Having finished cinching down the buckles of our llama’s saddle, my tent mates and I took turns loading our gear on the animal for the first time. It was a hot day and we were sweating greatly, yet as my eyes shifted to the trail ahead, it was clear the snow-capped peaks in the distance would offer something quite different. I am part of a National Outdoor Leadership School (NOLS) expedition where a group of thirteen senior executives are practicing the art of leadership by exploring the Wyoming backcountry together. We will navigate many miles of increasing elevation daily. We will learn new outdoor skills and how to care for the environment. Yet, most importantly, we will learn to behave in ways that inspire deep trust with one another.

A core part of the learning comes from the llamas themselves. Magnificently agile animals, they can leap over three feet high logs, with 70 pounds on their backs, and calmly stick the landing on the side of a wet cliff. It’s an amazing sight to behold. Much like humans, they also have different personalities, varying moods and preferences. Some are more dominant than others and “act up” if placed in the back of the pack. Others are almost cliquey in nature, and will only move efficiently when placed next to their best bud.
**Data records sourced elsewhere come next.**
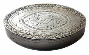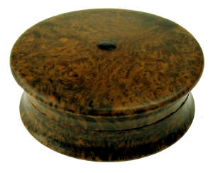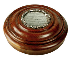 A superb yewwood circular table snuffbox of turned design, in its original red card box with interior retailer's paper label of BRAITHWAITE & JONES (of 3 Cockspur Street, London), the push-on lid inset with a circular silver medallion within a cast foliate border, engraved: "In Rememberance / & Presented to /
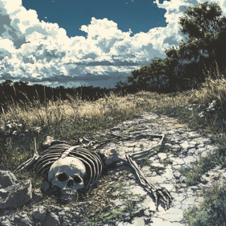 arkansas grassland bones and all final scene manga styleFor this, I was specifically looking for the color palette of the final scene in Bones and All where the characters sit on a grassland hill at dusk. It's a nice palette of purple and green. However, either Midjourney doesn't know about that movie or it was overidden by the semantic content of "bones and all" because nothing from that scene came through, only literal bones.
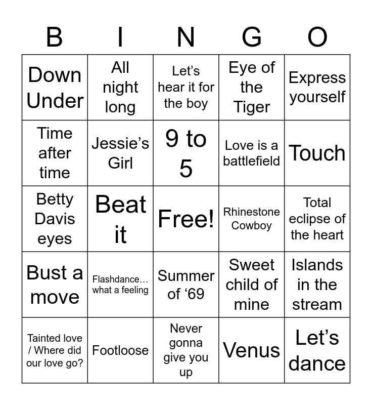 This bingo card has a free space and 46 words: New Sensation, Let’s dance, She works hard for the money, Never gonna give you up, Flashdance…what a feeling, Call me, All night long, Love Shack, Time after time, Pour some sugar on me, Jessie’s Girl, Eye of the Tiger, Islands in the stream, Sweet child of mine, We didn’t start the fire, Jack & Diane, 9 to 5, Rhinestone Cowboy, Faith, Express yourself, Beat it, Venus, Down Under, Love is a battlefield, Africa, Touch, Tainted love / Where did our love go?, I’m still standing, Summer of ‘69, Bust a move, When you’re in love with a beautiful woman, Get outta my dreams, get into my car, Poison, Pleasure and Pain, Dancing in the dark, Footloose, Total eclipse of the heart, All I wanna do is make love to you, Little lies, Your mama don’t dance, Hot in the city, Let’s hear it for the boy, Betty Davis eyes, Push it, I’m gonna be (500 miles) and She drives me crazy.
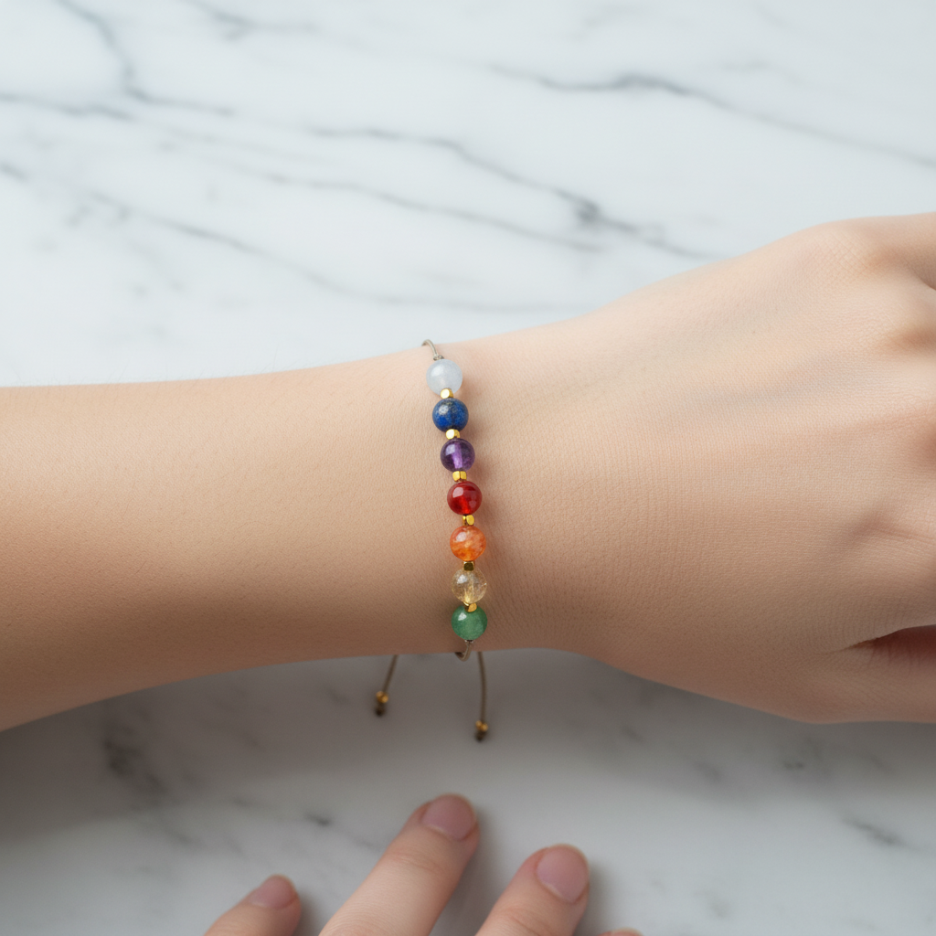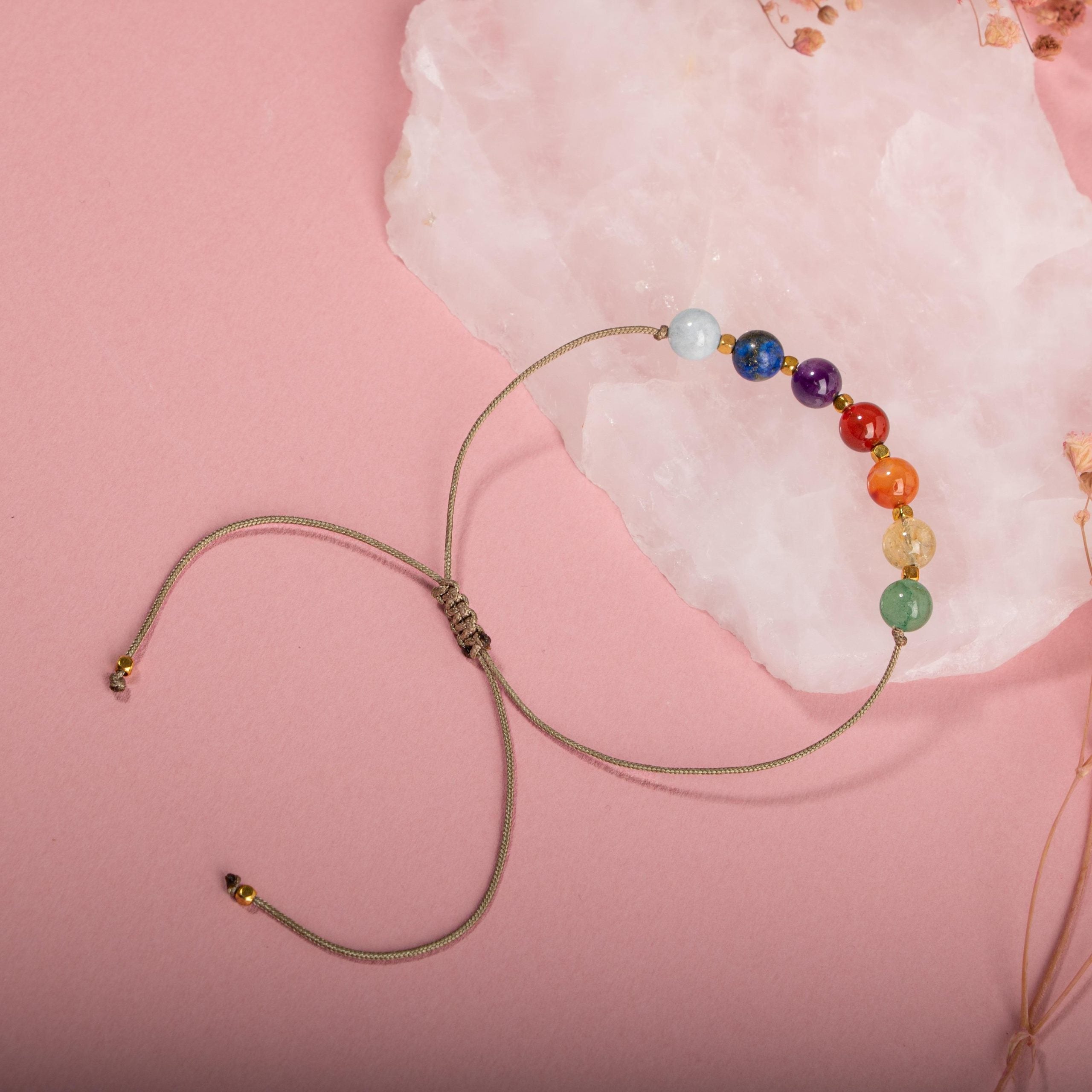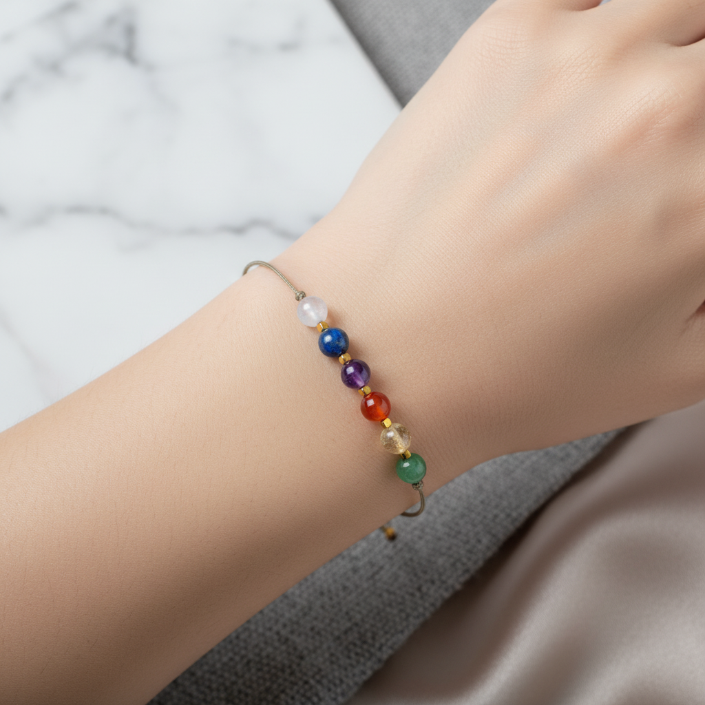 Farklı doğal taşların renkli uyumu, modern bir bileklik tasarımında bir araya geliyor. Akuamarinin ferahlatıcı mavisi, karnelyan akik taşının sıcak turuncu-kırmızı tonları, yeşil aventurinin doğal canlılığı, lapis lazulinin asil mavisi, sitrinin parlak sarısı, ametistin mor zarafeti ve kırmızı akik taşının derin rengi el işçiliğiyle hazırlanmış bu tasarımda buluşuyor. Günlük kombinlerde dinamik bir şıklık, özel günlerde ise sofistike bir tamamlayıcı sunar.
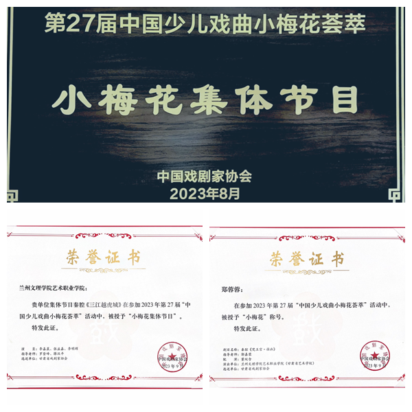 2023年8月在上海举行的由中国戏剧家协会主办的第27届“中国少儿戏曲小梅花荟萃”活动结果揭晓。经过全国优秀少儿戏曲人才的层层选拔,Beat365艺术职业学院戏曲表演专业学生李嘉晨、张益嘉、李明辉表演的秦腔《三江越虎城》在比赛中发挥出色,以优异的成绩在众多选手中脱颖而出,被授予“小梅花集体节目”,指导教师罗登峰、滕汉平;郑蓉蓉、董玟含表演的秦腔《梵王宫挂画》被授予“小梅花”称号,指导教师郭嘉蓉。
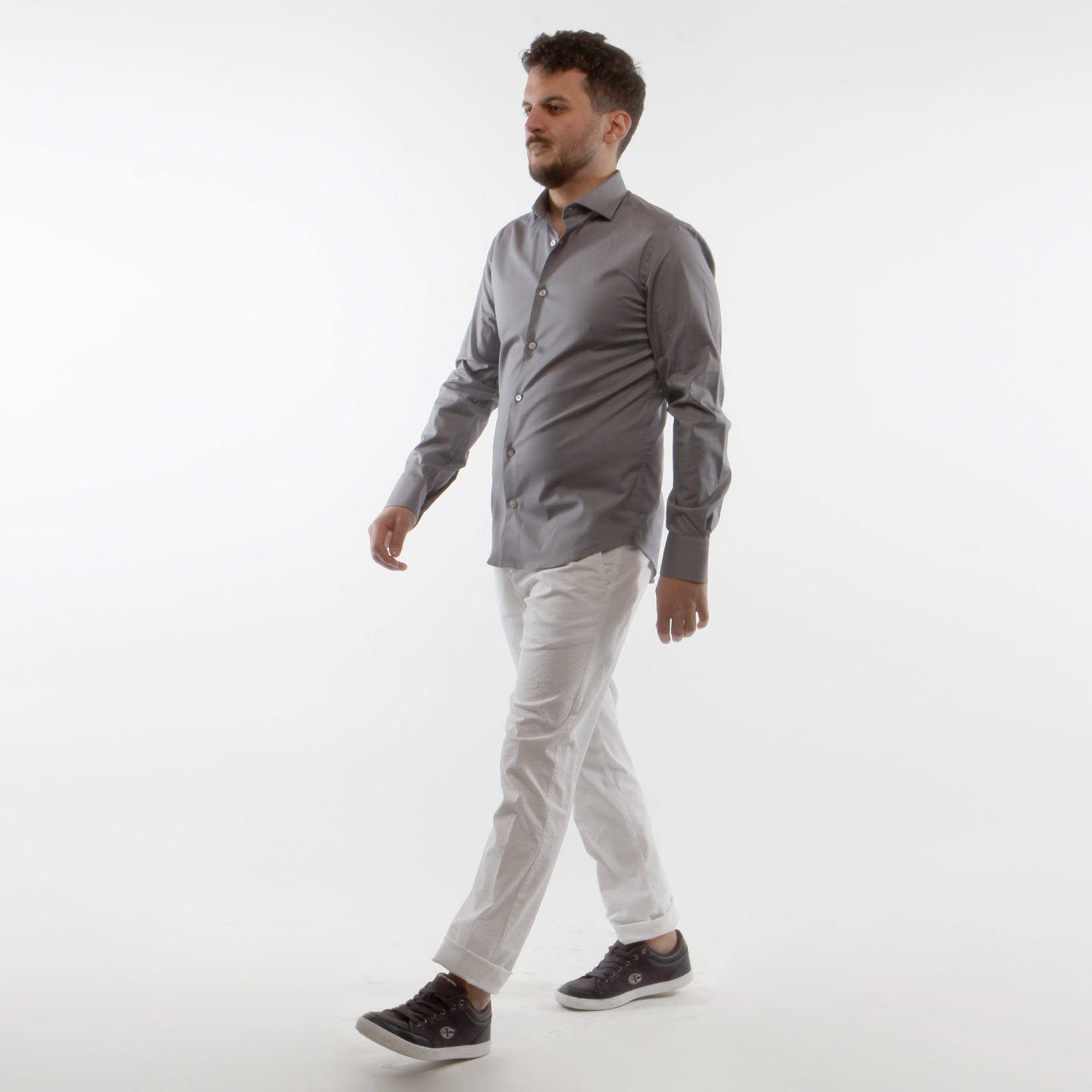 CAMICIA GRIGIO,COTONE ELASTICIZZATO,SLIM
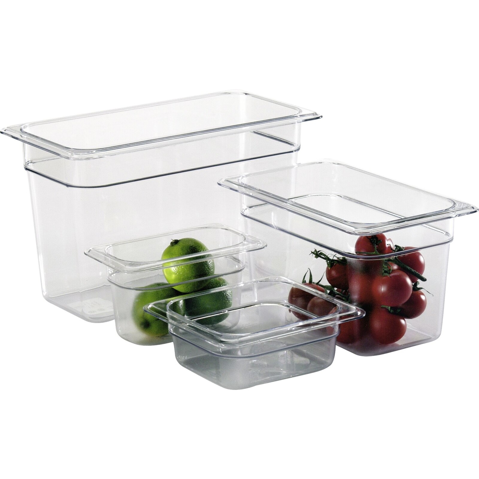Polycarbonat, transparent, stapelbar, bruchsicher, mit Skalierung. Einsetzbar von -40°C bis +100°C. Spülmaschinen- und mikrowellengeeignet. Passende Deckel bitte separat mitbestellen.
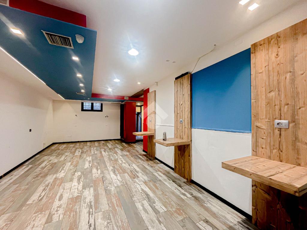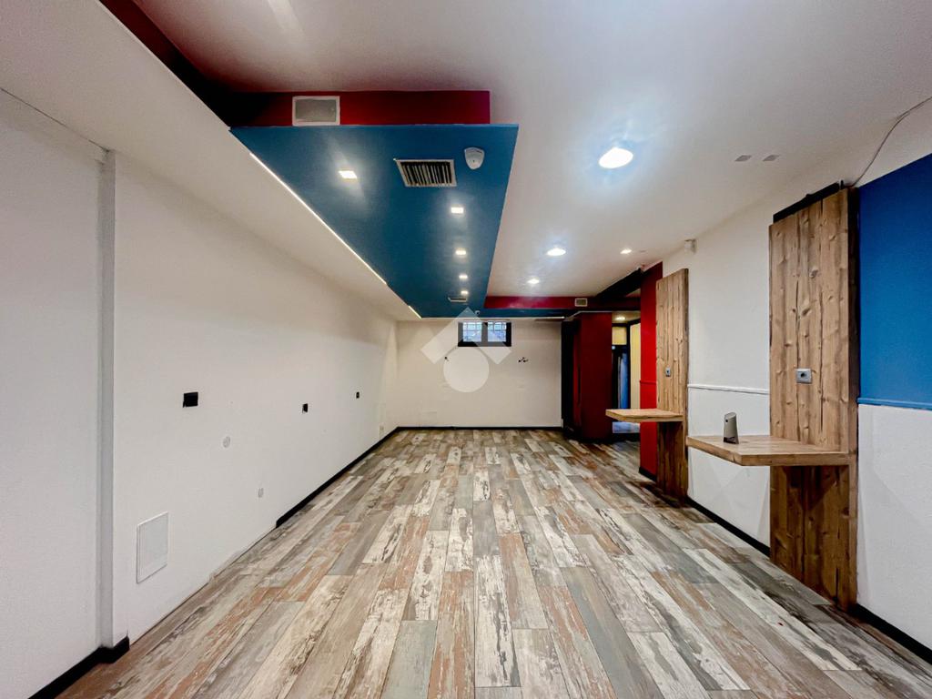 La soluzione proposta in vendita dispone di una superficie calpestabile di circa 60 metri quadrati, ed è situata al piano terra di una palazzina strutturata su tre piani. Internamente, l'immobile si presenta come un ampio open space reso particolarmente luminoso grazie alla presenza di una vetrina con affaccio esterno. Il locale è dotato dell'impianto elettrico, di riscaldamento, di condizionamento e di illuminazione. A completare la soluzione è la presenza di due servizi igienici privati.
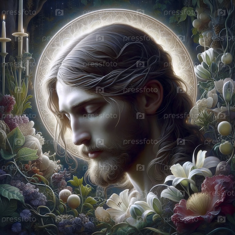Прерафаэльский портрет Христа в Гефсимании, Ai generated image
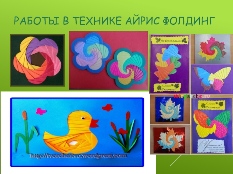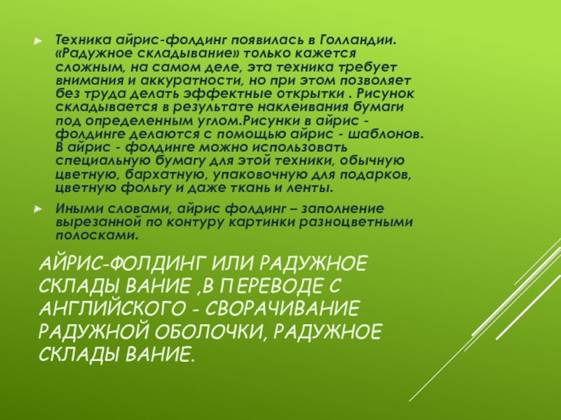 Техника айрис-фолдинг появилась в Голландии. «Радужное складывание» только кажется сложным, на самом деле, эта техника требует внимания и аккуратности, но при этом позволяет без труда делать эффектные открытки . Рисунок складывается в результате наклеивания бумаги под определенным углом.Рисунки в айрис - фолдинге делаются с помощью айрис - шаблонов. В айрис - фолдинге можно использовать специальную бумагу для этой техники, обычную цветную, бархатную, упаковочную для подарков, цветную фольгу и даже ткань и ленты.
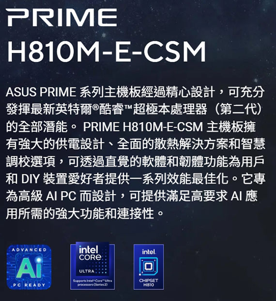ASUS華碩 PRIME H810M-E-CSM (m-ATX/DDR5*2/1H2DP/M.2*2/Realtek 1G/6+1+1+1相)
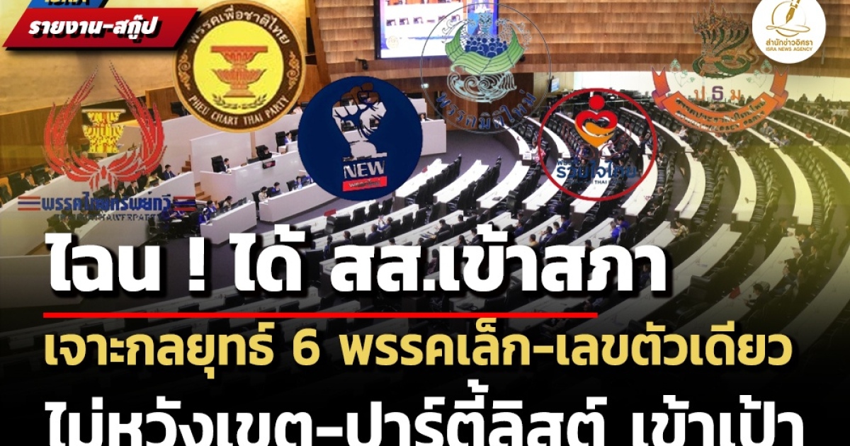 สำนักข่าวอิศรา (www.isranews.org) ตรวจสอบบนฐานข้อมูลอ้างอิง 2 แหล่ง (https://ectreport69.ect.go.th/overview / https://www.thaipbs.or.th/election69/result?tab=summary) พบว่า 6 พรรคการเมืองที่ได้ สส.บัญชีรายชื่อ (ปาร์ตี้ลิสต์) จำนวน 1-2 ที่นั่ง นอกจากเป็นพรรคที่จับได้ ‘เลขตัวเดียว’ แล้ว (มีการตั้งข้อสังเกตว่า เพราะสาเหตุใดพรรคการเมืองที่อยู่ลำดับต้นๆ ถึงได้คะแนนปาร์ตี้ลิสต์จำนวนมาก) ยังพบว่า 5 ใน 6 พรรค ส่งผู้สมัคร สส.แบบแบ่งเขตเลือกตั้ง 1 – 2 คน มากสุด คือ 6 คน มีเพียงพรรคประชาธิปไตยใหม่ ที่ส่งผู้สมัคร สส.เขต 68 คน โดยที่มีรูปแบบการส่งผู้สมัคร สส.เขต คล้ายกันก็คือ ส่วนใหญ่จะไม่มีผู้สมัคร สส.เขต ในพื้นที่ที่ได้คะแนนปาร์ตี้ลิสต์มากที่สุด 20 อันดับแรก ส่วนพรรคส่งผู้สมัคร สส.เขตจะได้คะแนนเพียง ‘หลักร้อย’ สวนทางกับคะแนนปาร์ตี้ลิสต์ที่ได้รับ ‘หลักพันคะแนน’
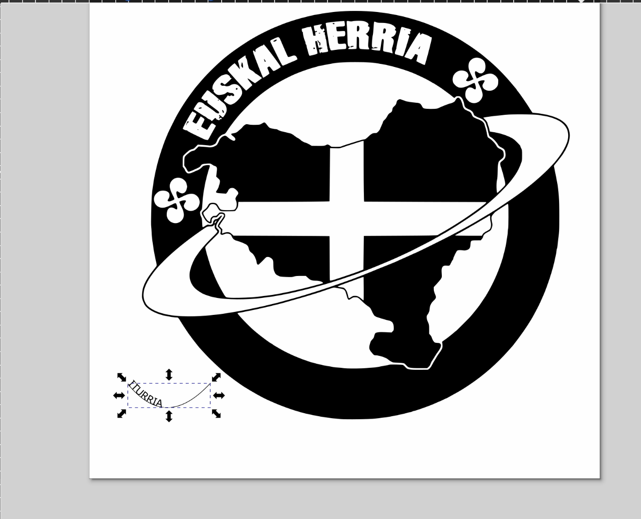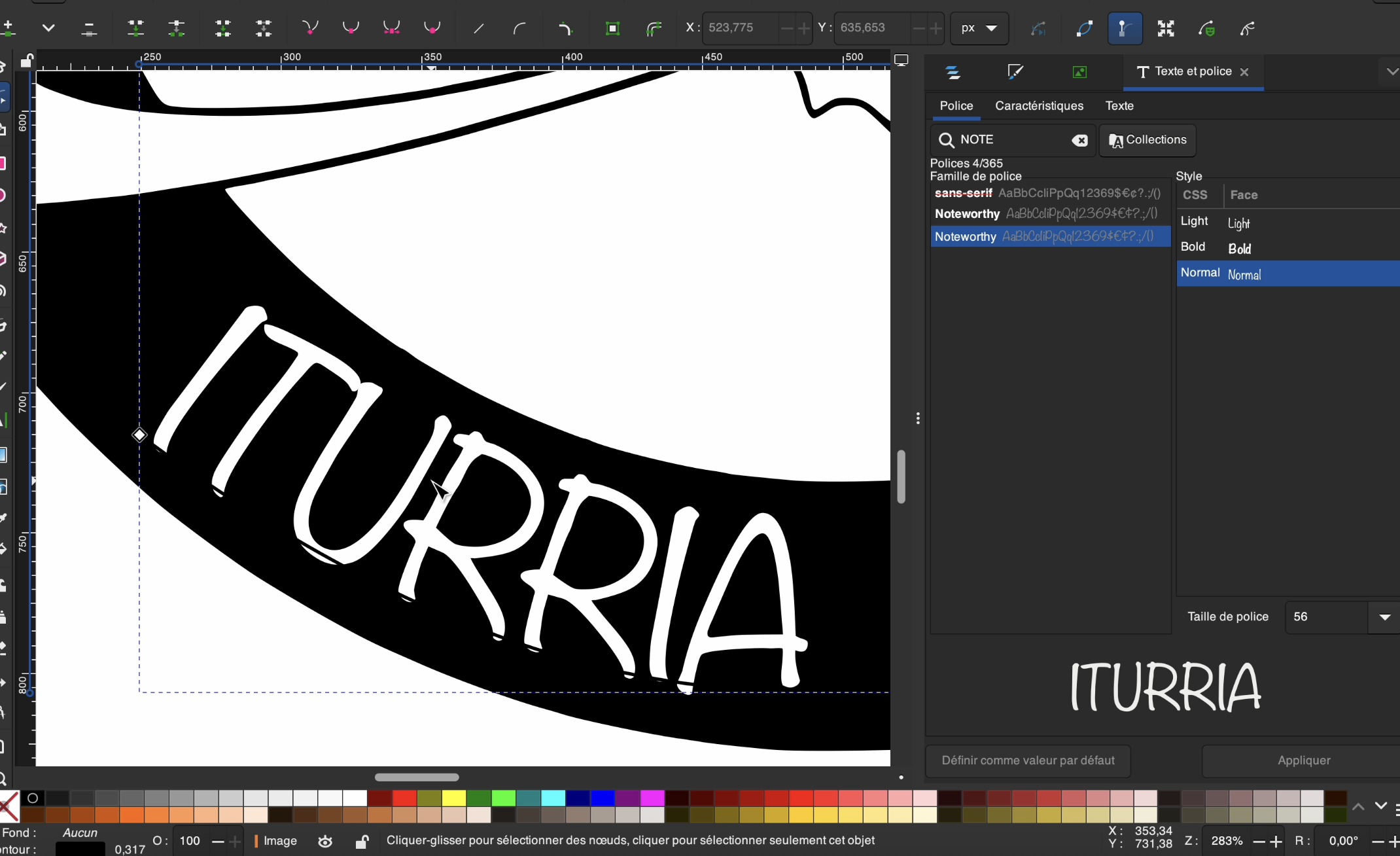 Mise sur chemin : Saisie du texte avec l'outil T, sélection conjointe du texte et de la courbe, puis application de la fonction Texte > Mettre sur le chemin.

Similar to leading with a team of direct reports toward a goal, our group had to learn how the llamas wanted to be managed! We had to uncover the pack’s dynamics, assess their personal needs, and then adjust our management style to meet those needs. For instance, we quickly learned that a command and control style would often backfire immediately (as it does in most modern organizations). In fact, push too hard, and you just might get spit on in retaliation! However (unless you speak llama) it’s rather hard to communicate a vision and then empower a llama to drive results. The llamas needed a balanced approach to leadership; not only one that took into account the environmental pressures being placed on us to accomplish the day’s mission, but also brought them into the decision-making process. Over the course of seven days together, here’s what a bunch of llamas taught us:

1. Know when to give ‘em more lead, and when to reel ‘em in

We all took turns as a llama handler as we trekked across the remote and sometimes dangerous terrain. When guiding your animal, you hold onto what’s called a lead, which attaches to their bridle and gives you about 6 feet of rope to work with. Mastering how much of that lead you hold in your hands is an art and it’s constantly changing. When navigating tight areas, you might shorten it to just a foot or two so you maintain strong control. When crossing a fast moving creek, you might release all of the length, giving your llama the freedom to cross the danger as he sees best. The parallels to leading a direct report are clear. Sometimes they “don’t know what they don’t know,” and you need to provide strong direction and guidance to best help them. Other times, strong guidance works against you as a manager, and reports need space to find their own solutions. A great manager does not adopt a single style of leadership,  rather applies the right style based on the individual’s need and the task at hand.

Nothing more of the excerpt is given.